Tell me about tempeh

Your quick-reference guide to using this plant-based powerhouse.
Published September 24, 2018

If your self-care goals include eating more plant-based foods, you may have already had the opportunity to try tempeh, a soy-based protein source with a loyal following and plenty of personality. If tempeh isn’t on your culinary radar yet, be prepared to be wowed by its funky taste and versatility. 


What is tempeh?


Like tofu, tempeh is made from soybeans that have been soaked and pressed into compact cakes. Unlike tofu, which has a very mild flavour, tempeh is considered a “mold-modified” fermented product which gives it a pronounced nutty and earthy taste. This strong, mushroomy flavour is due to the fact that soaked soybeans are inoculated with a mold from the Rhizopus family before being pressed into cakes and aged.


The nutritional benefits of tempeh


The nutritional benefits of eating tempeh are well-documented, beginning with the fact that tempeh is a plant-based source of complete protein (meaning it contains all nine essential amino acids, an impressive feat considering almost all complete proteins come from animal-based proteins.) Like many other fermented foods, tempeh is easily digested and contains a large number of important probiotics which promote healthy gut flora. Tempeh is high in soluble dietary fibre, calcium, B vitamins, folic acid, isoflavones (a type of plant compound that has been shown to have anti-inflammatory properties), and is also low in saturated fat and cholesterol free.


Where to buy tempeh


A decade ago finding tempeh in Canada was considered a difficult feat, but thanks to a growing interest in plant-based ingredients, it’s become a regular item in many well-stocked grocery stores, specialty health food stores and community co-ops. Most tempeh is vacuum-sealed in plastic and can be found in the refrigerated deli section alongside tofu, veggie burgers, and other meat-analog products. It’s unlikely that you’ll come across unpasteurized tempeh in Canada (which needs to be boiled or steamed for at least 20 minutes before it’s prepared) but it’s always wise to give the package a quick scan to check that it’s been pasteurized before purchasing.


How to prepare tempeh


If you’re trying tempeh out for the first time, you may find some experimentation is needed to figure out your preferred method. Tempeh will sometimes have a residual bitterness, even when prepared according to recipe instructions; this is easily remedied by boiling or steaming the entire block of tempeh in water or vegetable broth for 10-15 minutes. It can then be removed from the cooking liquid and prepared as instructed. Tempeh benefits from boldly flavoured marinades using ingredients such as soy sauce or tamari, ginger, garlic, nut or seed butters, nutritional yeast, chili paste, mirin, and rice wine vinegar. Cut the tempeh into thick slices or fingers and marinate for up to 30 minutes at room temperature, up to 2 days in the fridge or up to 3 months in the freezer (the tempeh will develop a pleasantly chewy texture if frozen and then defrosted in the fridge.) Marinated tempeh can be baked, broiled, grilled, and pan-fried.


Ideas for serving tempeh


Tempeh’s hearty texture makes it a truly versatile plant-based ingredient and you’ll discover that it can be used in many vegetarian and vegan recipes with great success.

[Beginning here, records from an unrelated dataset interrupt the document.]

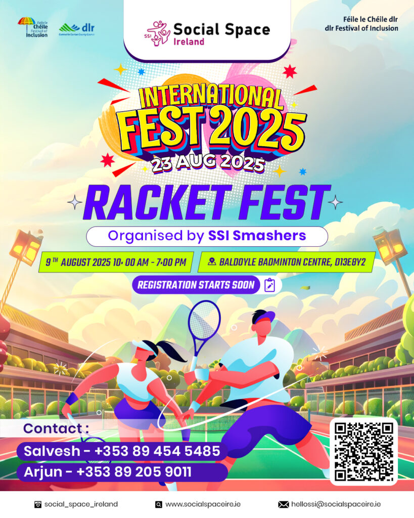 കൂടാതെ കായിക പ്രേമികൾക്കായി SSI Smashers സംഘടിപ്പിക്കുന്ന ‘RACKET FEST’ അരങ്ങേറും. ഓഗസ്റ്റ് 9ന് -BALDOYLE BADMINTON CENTRE- ലാണ് മത്സരം നടക്കുന്നത്. മത്സരത്തിൽ പങ്കെടുക്കാൻ താല്പര്യമുള്ളവർക്ക് രജിസ്റ്റർ ചെയ്യാം.
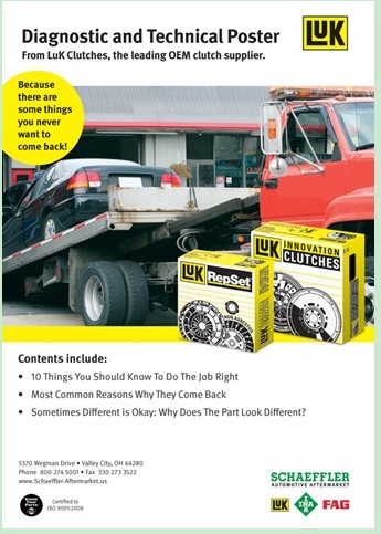 Schaeffler Group USA Inc. has initiated the distribution of more than 180,000 LuK branded technical assistance posters promoting the proper diagnosis and installation of clutch kits, clutch hydraulics and flywheels. The poster helps the technician identify common installation errors that lead to unwarranted product returns and reduction in productivity at the shop level. The technical information for the poster came directly from the Schaeffler Automotive Aftermarket Technical Hotline that helps consumers with proper installation techniques and trouble shooting difficult applications.
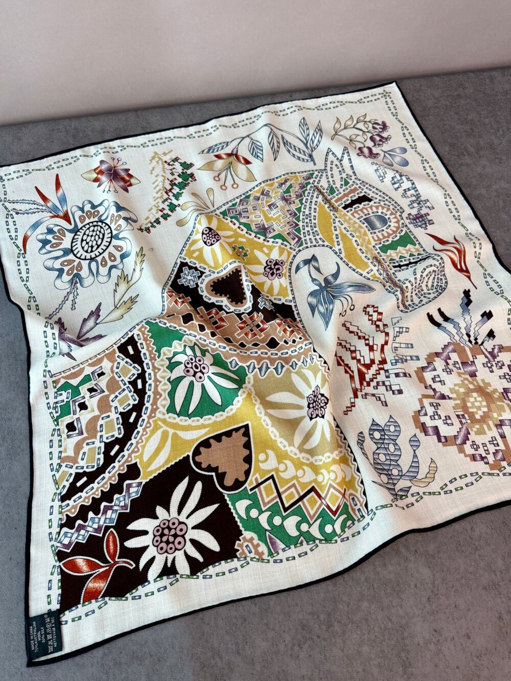 [프리미엄 울실크] 이탈리안 홀스 유니크 스카프
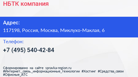 НБТК, компания по адресу 117198, Россия, Москва, Миклухо-Маклая, 6 в дальнейшем Организация, размещена в следующих категориях:
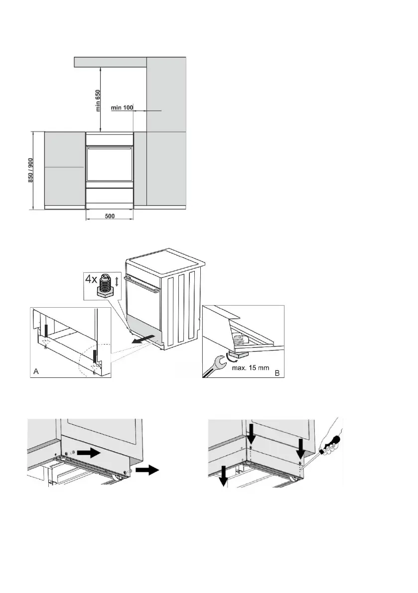 APPLIANCE PLACEMENT (mm) (depending on the model)

  • Marinate thin strips of tempeh in lime juice, chili powder, minced garlic, and avocado oil before cooking in a large skillet. Use the lime-marinated tempeh in place of meat in tacos along with all your other favourite Tex-Mex toppings.
  • Marinate slices of tempeh in liquid smoke and tamari and grill or pan-fry until crispy. Use in place of bacon next time you’re craving a plant-based BLT or club sandwich.
  • Pan-fry diced tempeh in a small amount of olive oil and garlic salt in place of traditional croutons next time Caesar salad is on the menu (or any other salad that calls for some crunch.)
  • For a tempeh recipe the whole family will love, lightly coat slices of tempeh with a neutral-tasting oil (or plain yogurt if you aren’t strictly vegan) and dredge in nutritional yeast and a light sprinkling of smoked paprika. Bake on parchment paper in a moderately hot oven for 40 minutes or until nice and crunchy, serve with your favourite dipping sauce. You can also tuck this tempeh into pita bread and add tahini, romaine lettuce, cucumbers, and tomato slices.